The sun had set, and there was no moon. Ririn saw herself as she was, pajamaed, hair rumpled and tumbling down her back. Next to her was the rejected man (man? he couldn't be more than twenty, but it was hard to tell) who stared straight ahead at nothing. Looking at the side of his face she could see behind his glasses. His eyes were ocean teal.

"I was in love once," he said.

He can see me? Her thoughts sounded far away, somewhere under the ground.

"I was in love with someone," the main said again, "but he loved another."

"Yes," said the dream Ririn. "It happens to everyone."

"Amazing," the man said. "I didn't think you could hear me." He paused and lifted his hand, staring at it as though it were alien to him. "Jealousy isn't something I'm used to." He put his hand down. "It turns out I was right all along.

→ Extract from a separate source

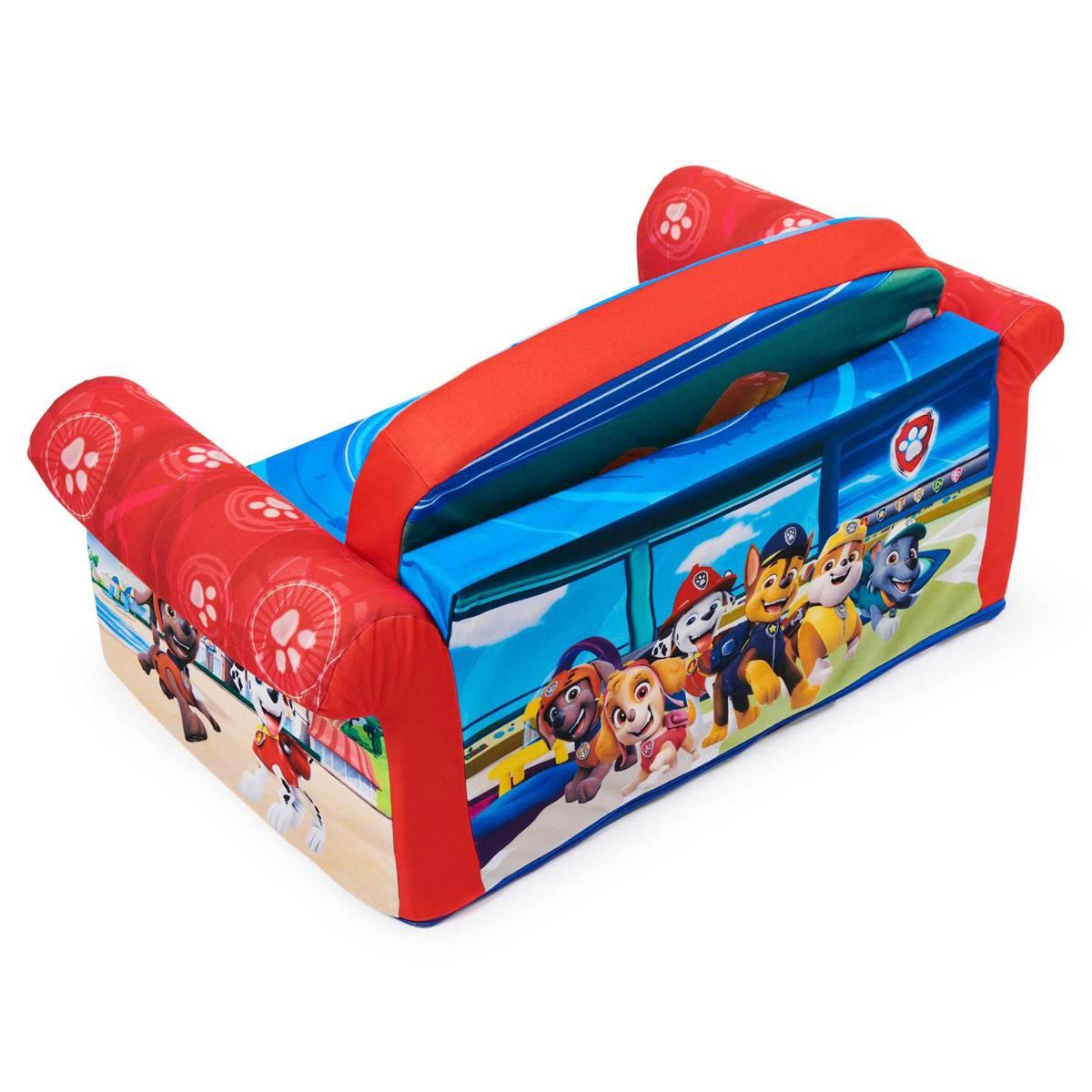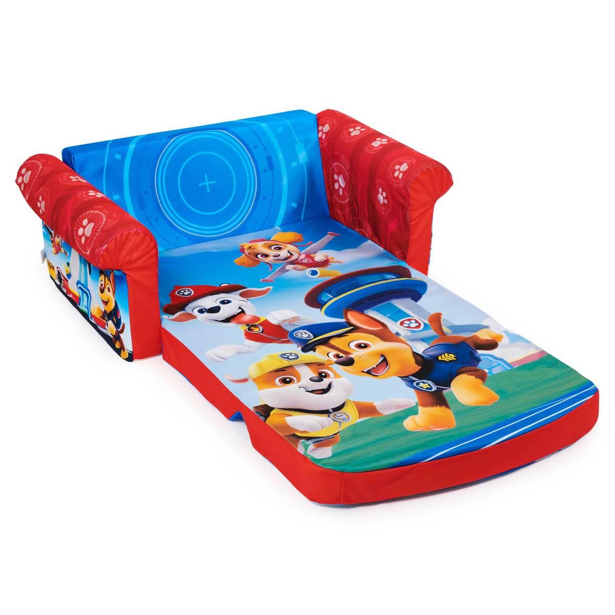 Spin Master Paw Patrol marshmallow furniture children´s 2-in-1 flip-open foam sofa. Preschoolers can sit lounge and relax on their very own sofa along with characters from PAW Patrol and the Marshmallow Flip-Open Sofa. Just the right size for toddlers the lightweight polyurethane foam sofa with removable polyester fabric slip-cover stands about 10 inches tall 28.5 inches wide and 16 inches deep.

Love doesn't exist more than anything else. " Ririn noticed the Sutra hanging limply around his shoulders.

"It doesn't matter if it isn't real." The dream Ririn reflected real Ririn's earlier words. "Love is still important."

"No," the man replied. "I want the truth. I can't be satisfied with anything less. In the absence of God, only logic is left." He smiled, that same proud and wicked smile, but not turning to look at her. "Thank you, ghost. For trying."

"What's your name, anyway?" She asked, finally.

"The last time I changed, I got a new name. I'm done with this one now."

Because in the end, it didn't matter anyway.

"I'm sorry," she said, and the apparition faded away into the darkness of the moonless night.

He was right, she thought, wondering at the woven images that wrapped around her like blankets, I could not change the past.

And her mind wandered into dreams of cake, ice cream, and joy.